Глаза Державного горели пленительным восхищением, и Соломония невольно пожалела о том, что он так стар и немощен, что не за него ей суждено идти замуж, а за его сына.

   — Хороша! — сказал Иван Васильевич. — Красивее я и не видывал. И какая смелая! Бултых — и глазом не моргнула. Не то что некоторые изнеженки. Славная жена у тебя будет, Василий. Завидую тебе. Жаль, что стар.

   — Я сегодня придумал, как буду нарицать её, — сказал Василий. — Солнышком. То есть ласково от Соломонии.

   — Ну, это ваши нежности, — поморщился Державный, но взгляд его продолжал так пленительно играть, что Соломонии сделалось совестно собственных своих мыслей.

   — Как ваше здравие, государь? — спросила Соломония Юрьевна.

   — Отменное! — отвечал Державный. — Ведь во Христа облекохся!
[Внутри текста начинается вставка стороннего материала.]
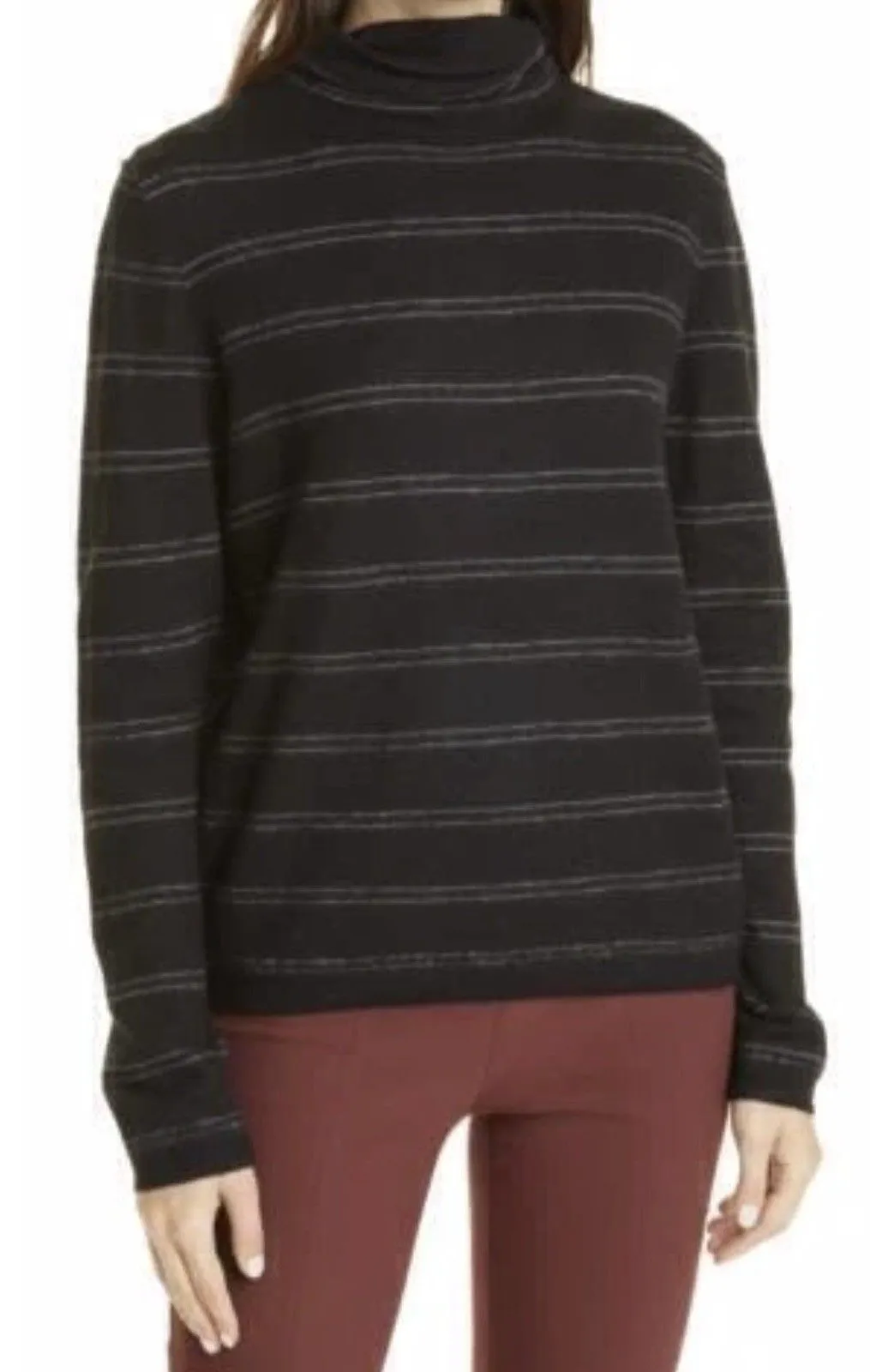 Vince Womens Sweater Black Turtleneck Stripes 100% Cashmere Medium Very GUC Very good used conditio... Show more

Ниле, а Ниле! — повернулся он к «кощею», одетому во власяницу. — Как же мне уходить в скит? Не погуляв на свадьбе у сына?
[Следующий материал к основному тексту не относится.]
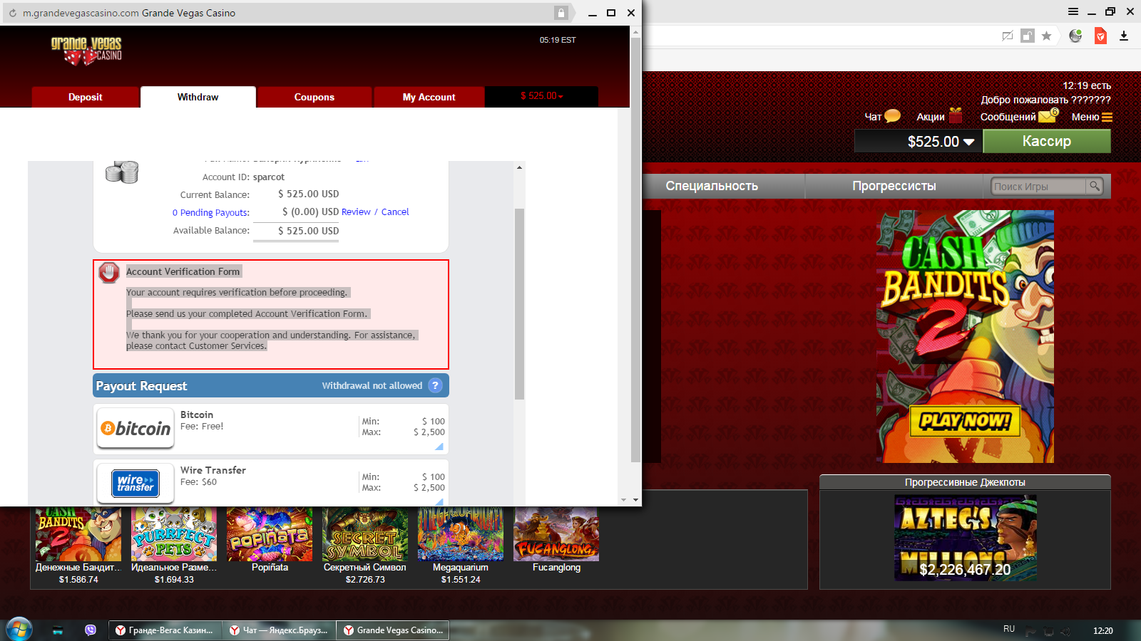 Обратите внимание, что прежде чем ваш первый вывод можно заказать, мы требуем следующие документы, отправленные в цвет, для проверки: Удостоверения личности (паспорта/водитель) Недавний счет за коммунальные услуги в качестве подтверждения адреса (последние 2 месяца) Пожалуйста, позвольте до 2 рабочих дней для обработки. По электронной почте документы: [email protected] пожалуйста, ознакомьтесь с нашими условиями по https://www.grandevegascasino.com/en/terms-conditions 14:12:18"26. Счета из следующих стран, будут освобождены от погашения бонус при создании учетной записи: Греция, Польша, Россия, Великобритания, Румыния, Болгария, Маврикий, Португалия и Индонезии." Спасибо за общения! Из-за отсутствия ответа этот чат будет закрыт. Пожалуйста, свяжитесь с нами снова, если вам потребуется дальнейшая помощь.

   — Всё в твоей воле, царь Иван, — молвил «кощей».

   — На год задержусь, пожалуй, на Москве ещё поживу, — сказал Иван Васильевич. — Вот совет Осифа исполню, на царство венчаюсь и сына своего венчаю. Перед свадьбой его благословлю и на свадьбе повеселюсь. А тогда уже можно и в скит. Дашь мне один год отсрочки, Ниле?
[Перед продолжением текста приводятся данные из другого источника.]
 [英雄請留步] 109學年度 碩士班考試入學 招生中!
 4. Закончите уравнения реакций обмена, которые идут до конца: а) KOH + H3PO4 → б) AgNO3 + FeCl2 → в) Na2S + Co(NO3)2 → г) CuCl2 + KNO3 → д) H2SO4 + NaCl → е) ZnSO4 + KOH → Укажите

   — Не у меня, у Господа проси, — отвечал верижный старец.

   — И у Него попрошу, и у тебя спрашиваю. Один только годик желаю на невестушку полюбоваться. С земным расстаться. Земное держит меня крепко, я ведь и не очень стар, вон сколько старее меня. Одно утешение, что отец мой ещё раньше помер. Но он сухоточный был, а во мне в последнее время перед болезнью наоборот — полнота появляться стала, даже на брюхе кое-какой тук завёлся. Сейчас вот только снова исхудал... Так что я держу государство моё, а государство меня держит.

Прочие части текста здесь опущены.